_TASK INSTRUCTIONS_
Working from the top of the listing below, retype each line through the line containing "Beautiful birthday party", both included, with no pictures.

_DATASET EXTRACT_
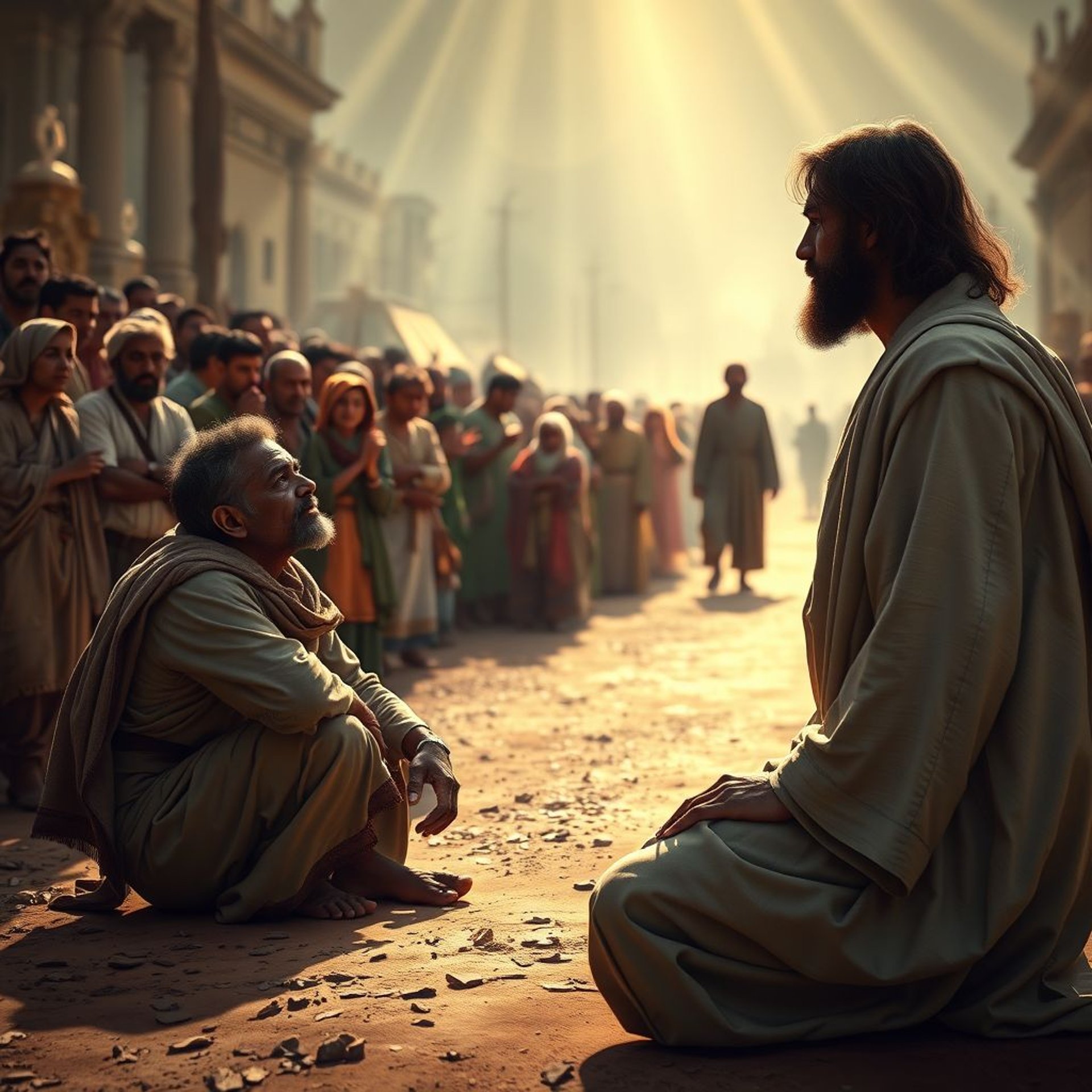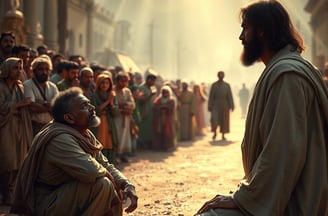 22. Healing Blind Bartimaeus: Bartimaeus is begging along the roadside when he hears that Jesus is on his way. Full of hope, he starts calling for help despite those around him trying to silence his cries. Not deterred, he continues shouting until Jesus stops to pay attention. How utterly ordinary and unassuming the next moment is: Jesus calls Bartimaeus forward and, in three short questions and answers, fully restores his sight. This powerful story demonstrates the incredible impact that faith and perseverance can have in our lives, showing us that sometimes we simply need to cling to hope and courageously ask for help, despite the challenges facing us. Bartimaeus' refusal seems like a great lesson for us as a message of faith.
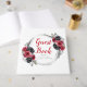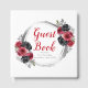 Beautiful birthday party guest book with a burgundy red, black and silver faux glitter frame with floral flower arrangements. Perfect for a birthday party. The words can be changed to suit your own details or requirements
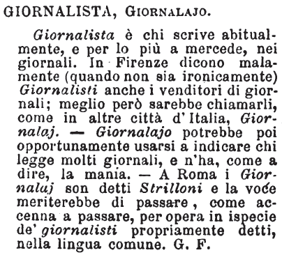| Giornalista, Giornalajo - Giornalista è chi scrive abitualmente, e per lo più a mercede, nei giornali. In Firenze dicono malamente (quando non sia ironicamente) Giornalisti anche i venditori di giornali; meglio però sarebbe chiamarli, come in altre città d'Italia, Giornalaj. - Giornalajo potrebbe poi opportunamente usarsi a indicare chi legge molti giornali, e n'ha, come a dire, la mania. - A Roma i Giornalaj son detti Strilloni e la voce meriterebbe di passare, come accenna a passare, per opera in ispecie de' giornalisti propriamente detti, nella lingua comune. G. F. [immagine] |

_ANSWER BELOW_
 22. Healing Blind Bartimaeus: Bartimaeus is begging along the roadside when he hears that Jesus is on his way. Full of hope, he starts calling for help despite those around him trying to silence his cries. Not deterred, he continues shouting until Jesus stops to pay attention. How utterly ordinary and unassuming the next moment is: Jesus calls Bartimaeus forward and, in three short questions and answers, fully restores his sight. This powerful story demonstrates the incredible impact that faith and perseverance can have in our lives, showing us that sometimes we simply need to cling to hope and courageously ask for help, despite the challenges facing us. Bartimaeus' refusal seems like a great lesson for us as a message of faith.
 Beautiful birthday party guest book with a burgundy red, black and silver faux glitter frame with floral flower arrangements. Perfect for a birthday party. The words can be changed to suit your own details or requirements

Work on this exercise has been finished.